Ich habe mit seiner Bezugsbetreuerin vom BeWo gesprochen. Sie war mit ihm schon in der forensischen Ambulanz, hatte Sorgen, aber nicht in diese Richtung. Ich schon. Weil ich weiß, wie es aussieht, wenn er so wird.
Und als wäre das nicht schon genug
mussten wir vor Woche unsere älteste Katze einschläfern. Sie wurde 17 Jahre alt.
Sie war eine von unseren vier Fellkindern. Manche sagen: „Es war doch nur ein Tier.“ Ich sage: Es war Familie. Und der Abschied hat wehgetan.
Ich will mich nicht bedauern. Das liegt mir nicht. Aber ich sage es, wie es ist: Es ist gerade verdammt viel.


Nachtrag
Andreas wird in der Helios Klinik in Siegburg behandelt und ich muss sagen: Vom Pfleger bis zum Chefarzt, vom Narkosearzt bis zur Stationsleitung... ich habe mich als Angehörige gesehen, ernst genommen und einbezogen gefühlt. Keine Berührungsängste, keine Abwehrhaltung. Man sprach mit mir, nicht über mich hinweg. Es war sogar erwünscht, dass ich bei den Gesprächen teilnehme, ich konnte jederzeit anrufen usw.
Und ja, da ziehe ich innerlich den Vergleich zur Psychiatrie. Ich weiß, vielleicht vergleiche ich Äpfel mit Birnen – somatische Medizin und Psychiatrie sind zwei verschiedene Welten. Aber in der Psychiatrie herrscht oft diese eiserne Schweigepflicht, die Angehörige wie mich schnell an Mauern prallen lässt. Mauern, die manchmal höher wirken als nötig. Warum ist das so? Liegt es an Strukturen, an Traditionen, am Misstrauen gegenüber Angehörigen?

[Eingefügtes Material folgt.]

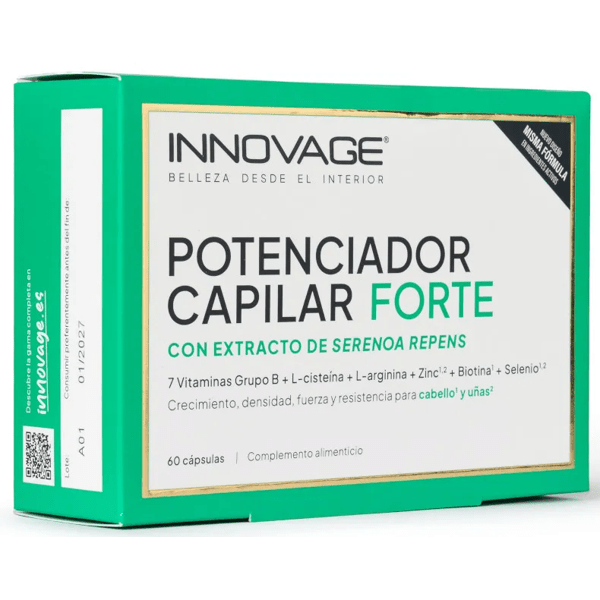 https://www.mifarma.eu/innovage-forte-hair-enhancer-60-capsules472457361773Innovage Forte Hair Enhancer 60 Capsules<p><span style="font-weight: bold;">Innovage Forte Hair Enhancer 60 Capsules</span></p><p> <span style="font-weight: bold;">Innovage Hair Enhancer Forte</span> is a food supplement formulated to <span style="font-weight: bold;">strengthen and revitalize hair</span> , becoming an essential ally in the fight <span style="font-weight: bold;">against hair loss.</span></p><p> This product combines a potent <span style="font-weight: bold;">Serenoa extract</span> , known for its beneficial properties for <span style="font-weight: bold;">hair health,</span> with a rich blend of <span style="font-weight: bold;">7 B vitamins, zinc, biotin, and selenium.</span></p><p> These substances work synergistically to provide the <span style="font-weight: bold;">necessary nutrients that promote hair growth and health</span> .</p><p> <span style="font-weight: bold;">- Serenoa extract</span> is particularly valued for its ability to <span style="font-weight: bold;">improve hair density and combat hair loss</span> , a problem that affects many people due to factors such as stress, hormonal or seasonal changes.</p><p> <span style="font-weight: bold;">Biotin,</span> for its part, is known as the hair vitamin, as it contributes to its <span style="font-weight: bold;">strength and shine.</span></p><p> <span style="font-weight: bold;">Zinc and selenium</span> are essential minerals that help <span style="font-weight: bold;">maintain a healthy scalp,</span> which is fundamental for optimal hair growth.</p><p> This product not only <span style="font-weight: bold;">improves the appearance of the hair</span> , making it look more voluminous and shiny, but also <span style="font-weight: bold;">works from the inside out, strengthening its structure and resistance to external aggressions</span> .</p>https://assets.atida.com/transform/90c7cd49-a670-4d8e-9d72-dc4db09b7e09/Innovage-Potenciador-Capilar-Forte-60-Capsulas?io=transform:extend,width:250,height:25034.99instock39.9931.809089909091135Innovagehttps://www.mifarma.eu/media/catalog/product/4/5/d/9/45d9efebd76d10e2a6fc1e8fcb9879df18287d9e_Innovage_Potenciador_Capilar_Forte_60_Capsulas.png/Health and Hygiene/Hair Care/Anti-Hair Loss/Health and Hygiene/Hair Care/Treatment/Health and Hygiene/Health and Hygiene/Hair Care/Vitamins and Supplements/Vitamins and Supplements/Minerals/Vitamins and Supplements/Supplements/Vitamins and Supplements/Vitamins (A-K)2026-03-18T01:05:20+0000

Ich weiß es nicht. Aber ich möchte es gerne wissen.
Ich weiß nur, dass es auch in der Psychiatrie mittlerweile Fortschritte gibt, aber eben immer noch unter dem strengen Siegel der Verschwiegenheit.
Und ich frage mich: Wann wird man auch dort erkennen, dass Angehörige nicht das Problem sind,  sondern oft Teil der Lösung?